Dataset records
⟨

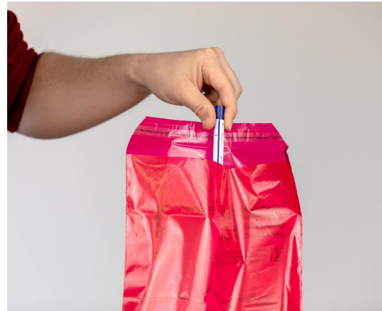
3) Sammeln der Einzeltests

Videoanleitung für Eltern https://www.youtube.com/watch?v=RAbzRSWGVcE
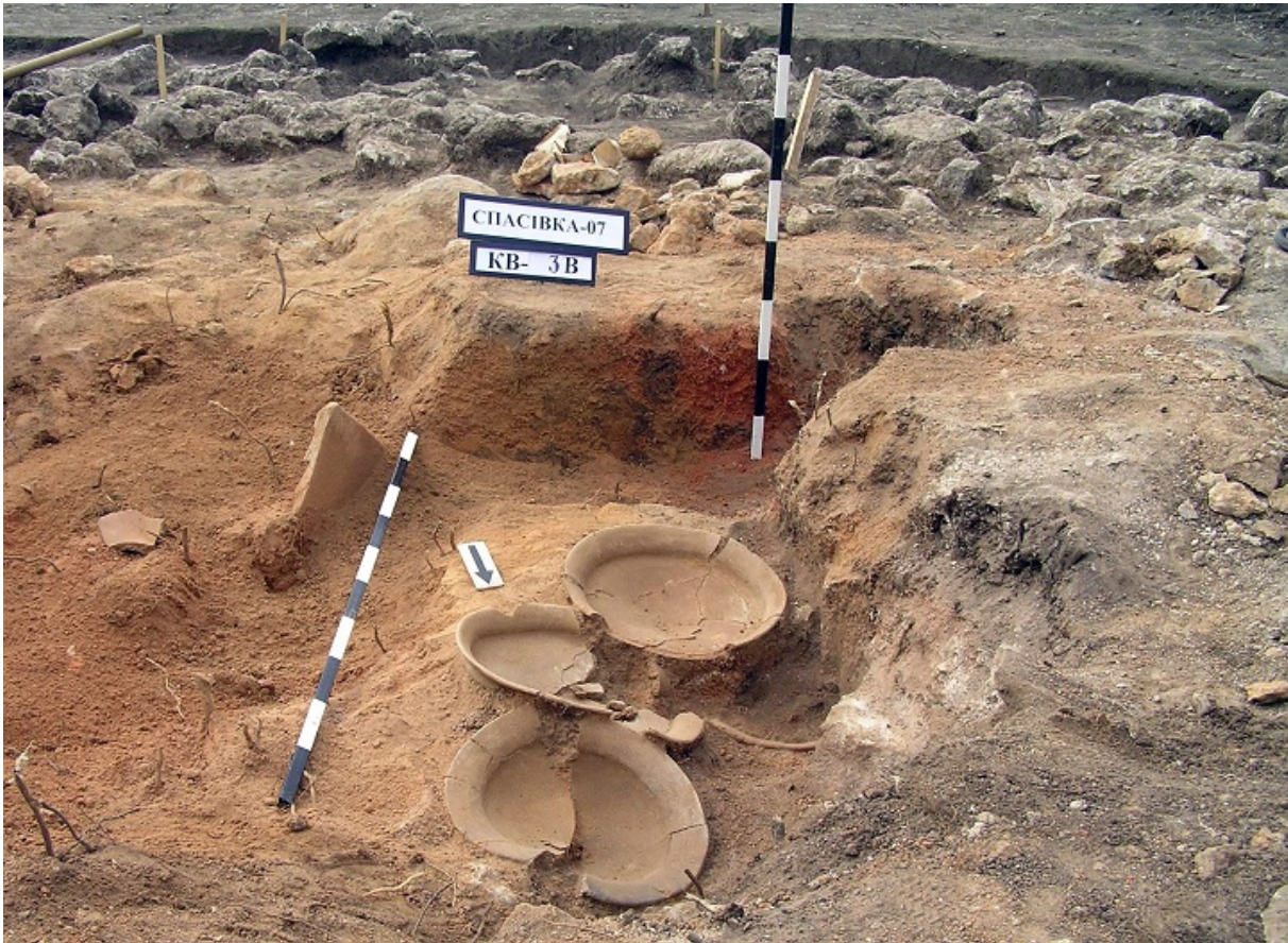
На фото –розкопки одного із легендарних курганів. Як бачимо - це класичне ранньоскіфське поховання.

А це вже відгомін відомого єврейського переказу про вдову Ханну й сім її синів, зафіксованого в Книгах Макавеїв і Талмуді.
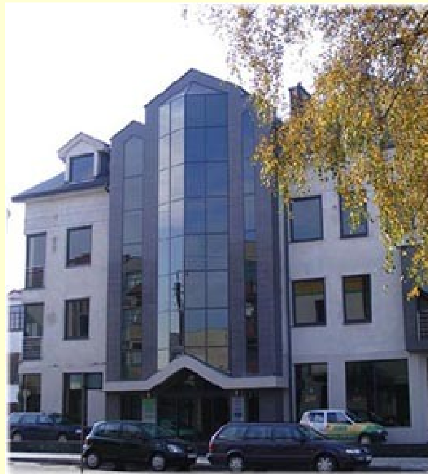
Siedziba DG-INWEST Biała Podlaska

Aleja Niepodległości 827-829 81-810 Sopot tel: 58/ 719 08 58 sopot@dginwest.com.pl
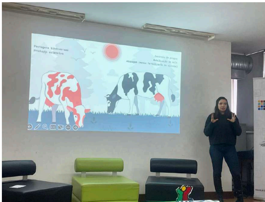
A influenciadora dedicada à sustentabilidade deu uma palestra na EHTO
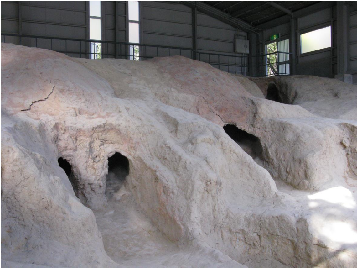
瀬戸市 愛知県陶磁美術館 南山9号窯 (平安時代)
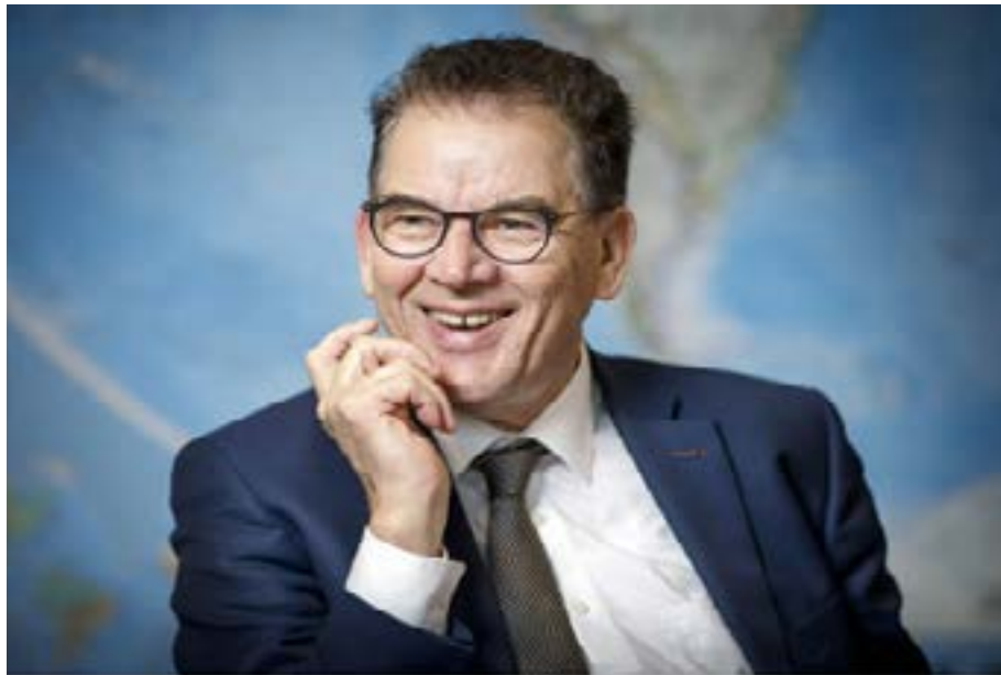
Dr Gerd Müller

Aligné sur le principe de « ne laisser personne pour compte », de l'agenda 2030, ce programme crée des perspectives professionnelles et d'emplois durables pour les jeunes.
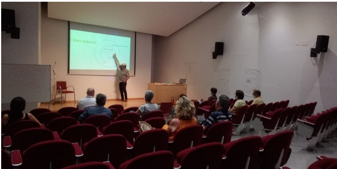
Sessió amb les entitats de la Taula de la Solidaritat. 15 Juny 2021. Molí dels Frares

Aquestes propostes han estat relatades en el marc d'entrevistes a les entitats i serveis, una jornada participativa i presencial amb les entitats de la Taula i una revisió posterior per part d'aquestes.
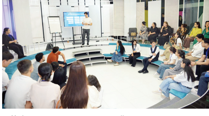
«Дунё» АА. Вашингтон

Бундан ташқари "ахборотни кутиш эмас, уни шакллантириш" тамойили устуворлик қилди.
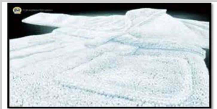
پودر شوینده و اسید سولفونیک
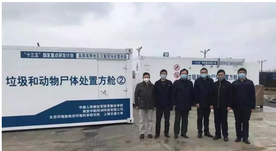
2020年，40台移动火化炉驰援武汉，每台日烧5吨。

他说，他朋友的姐姐披露，2020年初的第一波新冠疫情中，武汉死了几十万人，至少在十万人以上。有五个武汉的火葬场24小时全开，把好几个炉子都烧炸
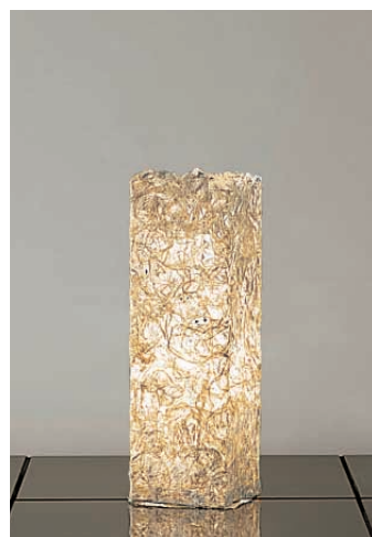
DST-53649 ¥29,800 ランプ付
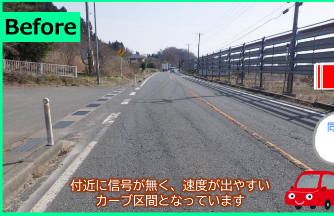
付近に信号が無く、速度が出やすいカーブ区間となっています

管内では、事故危険箇所の事故防止対策として、路面表示や看板を設置して注意喚起を行っています。 今年は新たに 国道7号三種町天瀬川地内 で 注意喚起路面表示 と 減速路面表示 を設置しました。
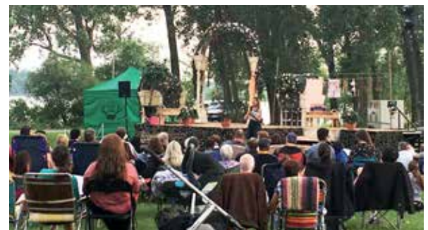
Du 5 juillet au 23 août 2017, 13 événements se sont déroulés en plein air dans les parcs de LaSalle dans le cadre de Culture en cavale.

Inauguration of parc Riverside shelter and pool on July 10.
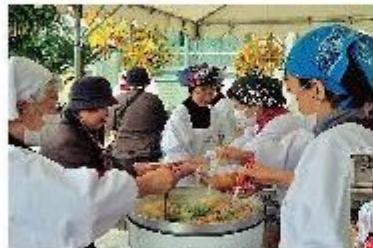
防犯パトロール 炊き出し
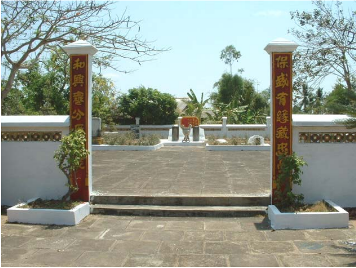
Cổng vào khu lăng mộ từ cổng chính đi thẳng vào
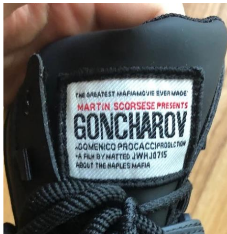
Figura 1. Etiqueta de unas botas de imitación que dio origen al fenómeno Goncharov

Fuente: Zootycoon, 2020, en Wiki Fandom Goncharov, 2024.
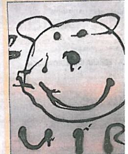
► Dibujo hecho con chocolate
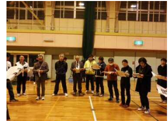
審判講習会も行いました
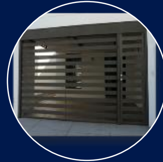
Puerta de Herrería
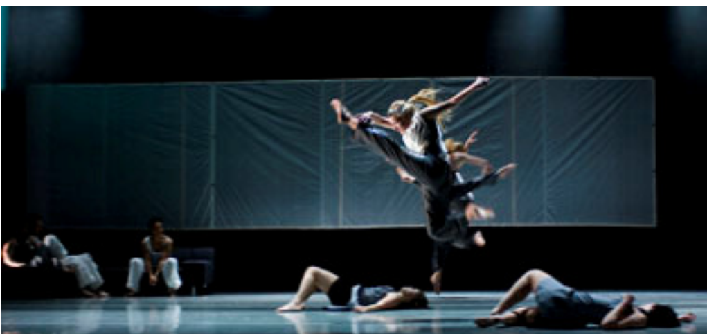
Fra 30-års jubileet til Balletthøgskolen, høsten 2009. 2. og 3. års BA studenter i moderne dans og samtidsdans, jazzdans og klassisk ballett, 2. års masterstudenter i koreografi.
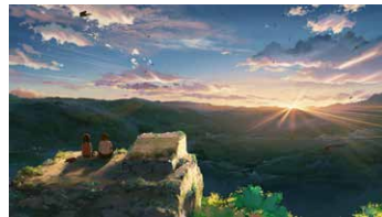
②新海誠 しんかい まこと 《星を追う子ども》2011年 ©Makoto Shinkai/CMMMY
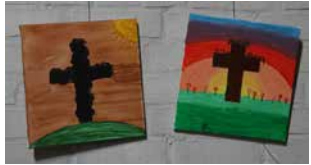
Bunte/Helle Hintergründe für die Hoffnung, die besteht.
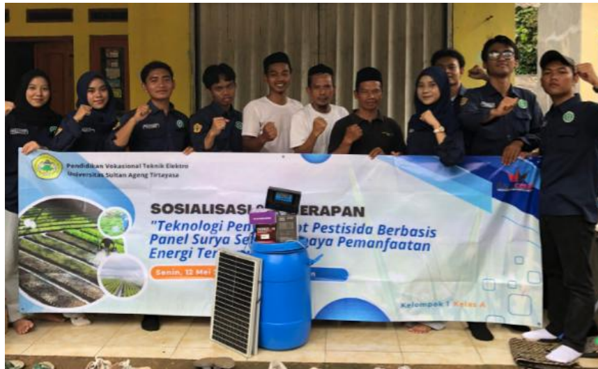
Gambar 3. Sesi Penyerahan Alat

Kegiatan pendampingan pemasangan alat sistem penyemprotan pestisida berbasis panel surya dilaksanakan di ladang milik kelompok tani Desa Cisalam, Kecamatan Baros, setelah kegiatan sosialisasi selesai dilaksanakan. Dalam kegiatan ini, para anggota kelompok tani terlibat langsung mulai dari proses penempatan panel surya di lokasi yang paling optimal untuk menangkap sinar matahari, hingga penyambungan sistem ke Solar Charge Controller (SCC), aki 12V, dan pompa DC. Selanjutnya, dilakukan instalasi jaringan selang dan sprinkler yang berfungsi menyemprotkan cairan pestisida secara merata ke area tanaman. Pendampingan dilakukan secara praktis dan bertahap agar kelompok tani memahami sistem kerja serta alur distribusi daya dan cairan pestisida. Kegiatan ini tidak hanya bertujuan untuk memperkenalkan teknologi pertanian berbasis energi terbarukan, tetapi juga memberikan pengalaman langsung kepada petani agar mampu mengoperasikan dan merawat alat tersebut secara mandiri.

⟩

Exercise directions: Output only the lines above from the line that holds "тамойили устуворлик қилди." through the line that holds "と 減速路面表示 を設置しました。", both ends included, and exclude pictures.

Exercise solution:
Бундан ташқари "ахборотни кутиш эмас, уни шакллантириш" тамойили устуворлик қилди.
پودر شوینده و اسید سولفونیک
2020年，40台移动火化炉驰援武汉，每台日烧5吨。

他说，他朋友的姐姐披露，2020年初的第一波新冠疫情中，武汉死了几十万人，至少在十万人以上。有五个武汉的火葬场24小时全开，把好几个炉子都烧炸
DST-53649 ¥29,800 ランプ付
付近に信号が無く、速度が出やすいカーブ区間となっています

管内では、事故危険箇所の事故防止対策として、路面表示や看板を設置して注意喚起を行っています。 今年は新たに 国道7号三種町天瀬川地内 で 注意喚起路面表示 と 減速路面表示 を設置しました。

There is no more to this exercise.